Don’t send entire document bundles as a single input. If someone emails you a 300-page contract package as one PDF, split it into individual agreements before processing. Summarizing a monolithic document produces worse outputs and costs more — Claude’s attention is finite, and a 150,000-token input will yield a less precise summary than three separate 50,000-token inputs.

What This Means for Your Workflow

The pipeline described here is genuinely production-viable. It handles batch submission, error recovery, structured output validation, and per-document type prompt specialization. What it doesn’t handle — and what you’d need to add for a serious deployment — is authentication and access control around the summaries, a UI for non-technical users to upload documents and view results, and a human-review step for anything that scores 4 or 5 on risk.
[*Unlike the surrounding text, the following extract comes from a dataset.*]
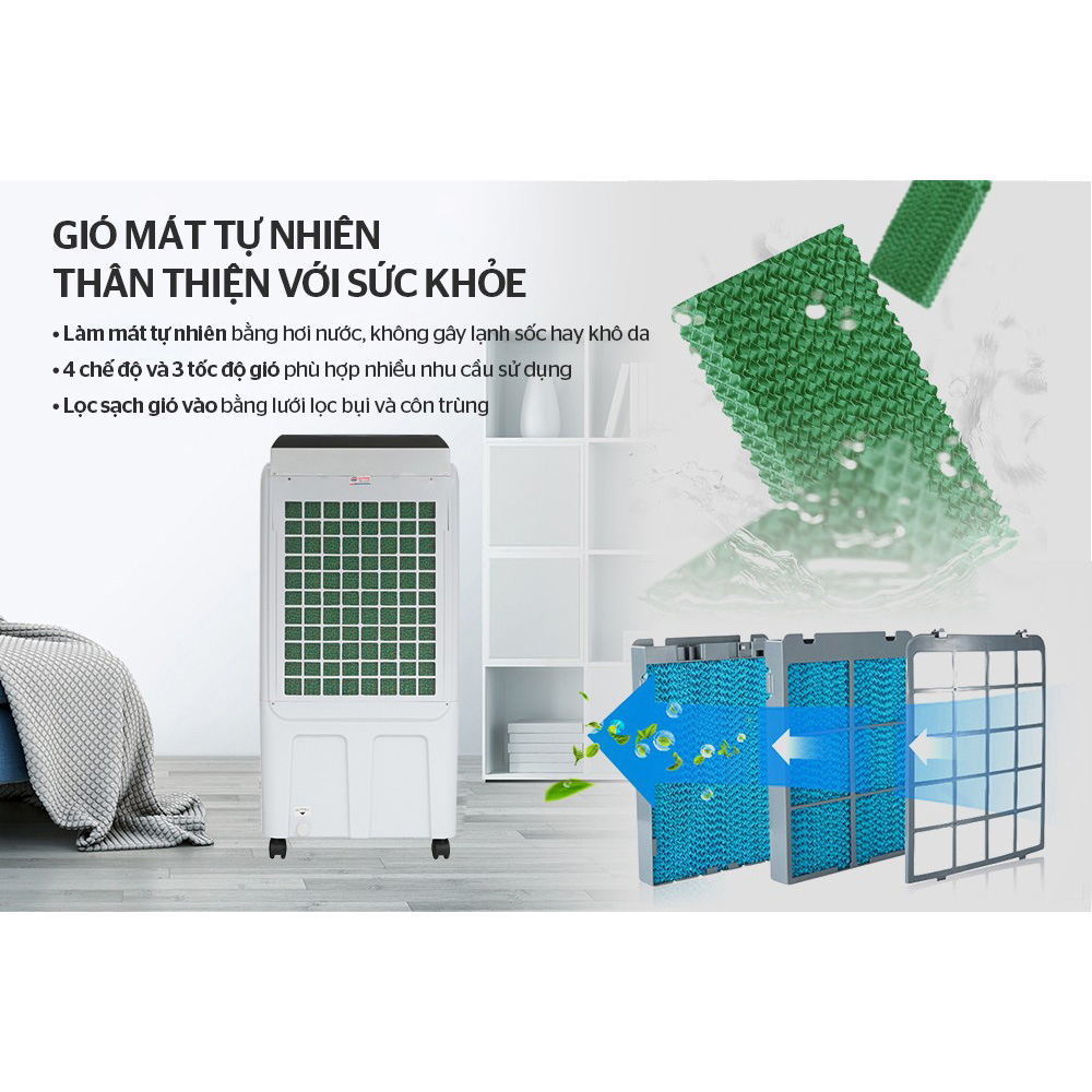 THÔNG TIN SẢN PHẨM - Được thiết kế với công nghệ tiên tiến, quạt điều hòa hơi nước sử dụng màng lọc và hơi nước để tạo ra không khí mát mẻ và trong lành

That last point matters: Claude 3.5 Haiku is fast and cheap, but it’s not a lawyer. Treat its output as a first-pass triage tool that tells you which documents need human attention, not as legal advice you act on directly. Used that way, it’s genuinely useful. Used as a replacement for legal review, it’s a liability waiting to happen. The goal is to stop your actual lawyers from wasting time on boilerplate NDAs so they can focus on the agreements that actually need their expertise — and at $0.003 per document, you can afford to run everything through the pipeline and only escalate what flags red.